Fowl cholera

Cock of a breeding flock with green diarrhea

Fowl cholera is also called avian cholera, avian pasteurellosis and avian hemorrhagic septicemia.[1]

It is the most common pasteurellosis of poultry. As the causative agent is Pasteurella multocida, it is considered to be a zoonosis.

Adult birds and old chickens are more susceptible. In parental flocks, cocks are far more susceptible than hens.[2]

Besides chickens, the disease also concerns turkeys, ducks, geese, raptors, and canaries.
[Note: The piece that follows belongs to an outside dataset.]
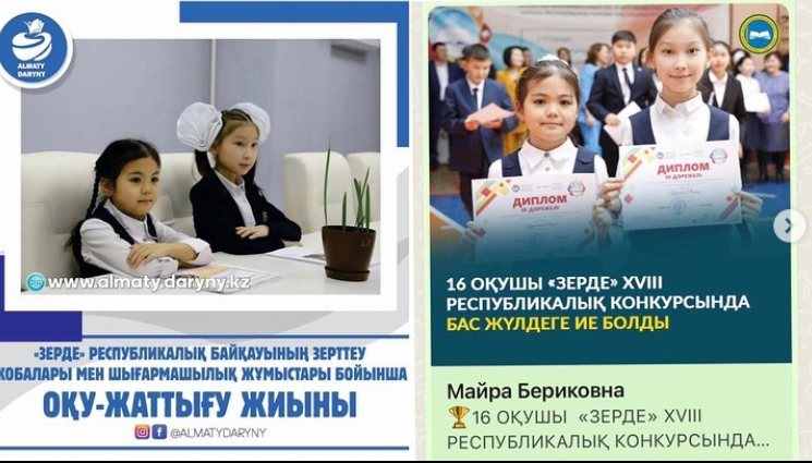 Бастауыш және орта буынды оқушылардың интеллектуалдық-шығармашылық әлеуетін және танымдық қызығушылықтарын ынталандыру мен оларға қолдау таныту мақсатында «Дарын» республикалық ғылыми -практикалық орталығы 2023 жылдың 15-19 наурыз аралығында «Балдәурен» республикалық оқу-сауықтыру орталығының базасында (Ақмола облысы, Щучье қаласы) оқушылардың зерттеу жобалары мен шығармашылық жұмыстарының «Зерде» XVIII республикалық конкурсын өткізді.
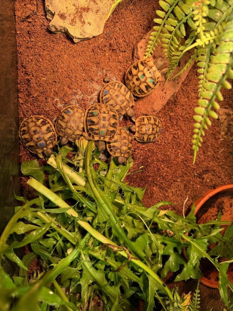 meine 7 Nachzuchten der Griechischen Landschildkröte (THB) aus 2023 sind wohlbehalten aus der Winterdtarre „aufgewacht“, sind fit, fressen gut und sind bereit in ein neues Zuhause einzuziehen. Natürlich nur in ein Außengehege mit beheizbaren Frühbeet.

Turkeys are particularly sensitive, with mortality ranging to 65%.[3]

The recognition of this pathological condition is of ever increasing importance for differential diagnosis with avian influenza.

  1. ^ K.R. Rhoades and R.B. Rimler, Avian pasteurellosis, in "Diseases of poultry", ed. by M.S. Hofstad, Iowa State University Press, Ames, Iowa, USA ISBN 0-8138-0430-2, p. 141.
  2. ^ Hassan Iraqui, Observation on an outbreak of fowl cholera in a parental broiler flock, Azrou, Morocco, October 2007, unpublished data.
  3. ^ Alberts and Graham (1948), quoted in "Diseases of poultry", op. cit.